The Court, in an opinion by Dalianis, J., found that Saf-C 5502.01(c), which directs the means by which equivalency is to be determined, explicitly and unequivocally limits the inquiry to "a comparison of the elements of the New Hampshire statute to the elements of the other jurisdiction’s statute." However, the regulation does not require exact equivalency; the elements of the crimes need only be "analogous." Finding that in this case they were (by looking at not only the elements of the Maine statute at issue, but also, critically, the comment to the statute), the Court reversed the trial court ruling.
Marcia A. B. Thunberg, of Concord, for the petitioner. Michael A. Delaney, attorney general (David M. Hilts, assistant attorney general), for the respondent.

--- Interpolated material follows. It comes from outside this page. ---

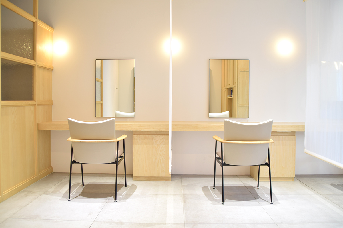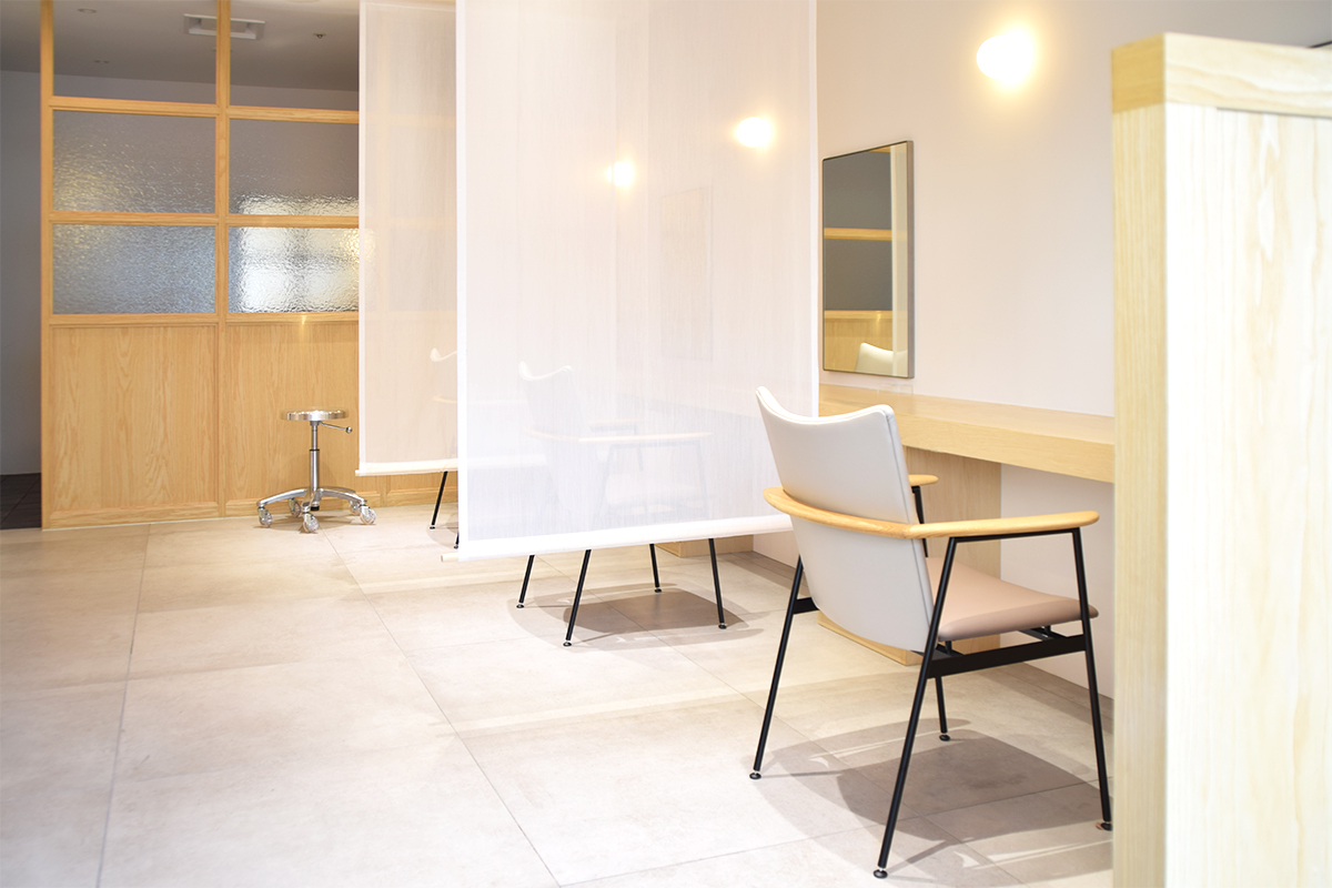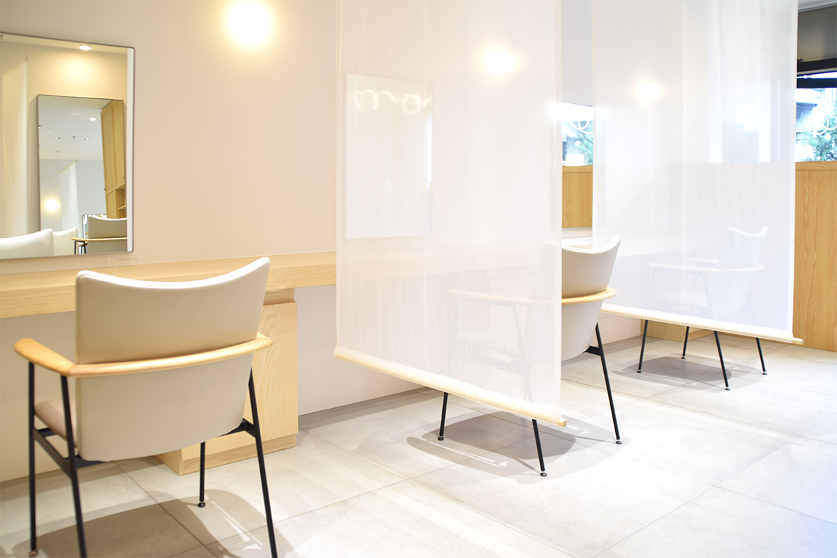 カラーはお店の雰囲気にあわせて、やわらかなトーンのものをバイカラーでセレクトされました。

Civil Procedure – Long-Arm Jurisdiction
Impact Food Sales v. Carl Evans D/B/A Warehouse Club Distributing Company
June 16, 2010
Impact Food alleged that Evans, a resident of Illinois, accepted money for the goods that it failed to deliver. Impact sent a letter to the Merrimack County Sheriff enclosing a copy of a writ of summons, along with copies for service on the NH Secretary of State. The same day, the company sent a copy of the same letter by certified mail to Evans. After sending the letter again by certified mail and then by first-class mail, Impact filed a motion for entry of default, which the trial court granted. Evans, alleging improper service, filed a motion to vacate and dismiss, which the trial court denied.
- Whether service on an out-of-state defendant under RSA 510:4 is sufficient, where plaintiff has not first effected service on the secretary of state.
The Court, in a four-to-one opinion by Broderick, C.J., found that Impact failed to comply literally with the dictates of RSA 510:4, New Hampshire’s long-arm statute. The statute requires that the certified mailing to the defendant include notice of the effected service on the secretary of state, which could not have happened here, where the mailing to the defendant was accomplished simultaneously with that to the sheriff’s office. In order to comply with the statute, Impact Food should have waited to give notice to Evans until after it had effected service on the secretary of state. Failing that, no personal jurisdiction over Evans existed. The Court found it insignificant, given the clear language of the statute, that the certified mail went unclaimed by Evans. Further, because RSA 510:4 requires that notice of service be immediate, Impact’s later mailings were of no account.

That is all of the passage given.